Find $V(x)$ if $V(x)$ is the volume of water of depth $x$ contained in a conical tank with vertice downwards. The tank is $8$ meters high and its diameter in the highest part is $6$ meters.
Answer:
$V(x)=3\pi\dfrac{x^3}{64}$.
I think that a sketch of the situation is:
I tried to use the formula of the conical volume: $V=\dfrac{\pi r^2h}{3}$, where $r=\dfrac62=3$ and $h=8$, but then $V=\dfrac{\pi3^28}3=24\pi$, which 1) does not depend on the depth and 2) does not have the same coefficients of the answer.
What am I doing wrong?
Thanks!
Your issue is that you found the volume of the whole conical tank, not the water.

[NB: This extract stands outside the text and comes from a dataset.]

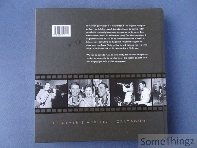 Pia Beck, Martin Beekmans (en de grote Nederlandse dansorkesten), Eddy Christiani, Sanny Day (en de Millers), Theo Ehrlicher (en de Kilima Hawaiians), Leo Fuld, Harry de Groot, Johnny Holshuysen, Hans Ninaber, Opera Pietje (en het Jordaanlied), Frans Poptie, Toby Rix, Gregor Serban, Marcel Thielemans (en de Ramblers), Skip Voogd, Frans Wanders (en het Orkest Malando). In veertien gesprekken met muzikanten die in de jaren dertig het podium van de lichte muziek betraden, tijdens de oorlog onder wisselende omstandigheden doorspeelden en na de oorlog hun carrière voortzetten en uitbouwden, heeft Cor Gout geprobeerd de pionierstijd van de jazz en de amusements-muziek in beeld te krijgen. Voor aanvulling op dat (zwart-wit-) beeld zorgden de uitspraken van Opera Pietje en Skip Voogd, kenners van respectievelijk de Jordaanmuziek en de swingmuziek in Nederland. Laatstgenoemde heeft de auteur ook van advies gediend bij het uitwerken van de interviews. In de gesprekken met de muzikanten lag de nadruk vooral op het leven met het instrument: hoe hadden de zangers en instrumentalisten hun bijzondere talent ontwikkeld en welke kwaliteiten en eigenschappen hadden ertoe bijgedragen dat ze uiteindelijk de top van de Nederlandse populaire muziek bereikten? Maar ook de meer persoonlijke ervaringen en gezichtspunten kwamen ter sprake. We zien de periode vanaf de jaren dertig tot nu door de ogen van zestien personen, die de hartslag van de tijd hebben gevoeld en in hun hoogtijdagen zelfs hebben aangegeven. Het boek bevat een keur aan zwart-wit-foto's, de meeste afkomstig uit de collecties van de muzikanten zelf.

Imagine taking a vertical cross-section of the tank:
The volume of the water is given by
$$V = \frac 1 3 \pi r^2 x$$
What is $r$? It can be shown that the triangle formed by the water is similar in the geometric sense to the entire triangle. Then we can set up a proportion:
$$\frac{\text{radius of the tank}}{\text{height of the tank}} = \frac{\text{radius of the water}}{\text{height of the water}} \implies \frac{3}{8} = \frac r x \implies r = \frac 3 8 x$$
Thus,
$$V = \frac 1 3 \pi \left( \frac 3 8 x \right)^2 x = \frac 1 3 \cdot \pi \cdot \frac{9}{64} \cdot x^2 \cdot x = \frac{3\pi}{64}x^3$$
matching the answer.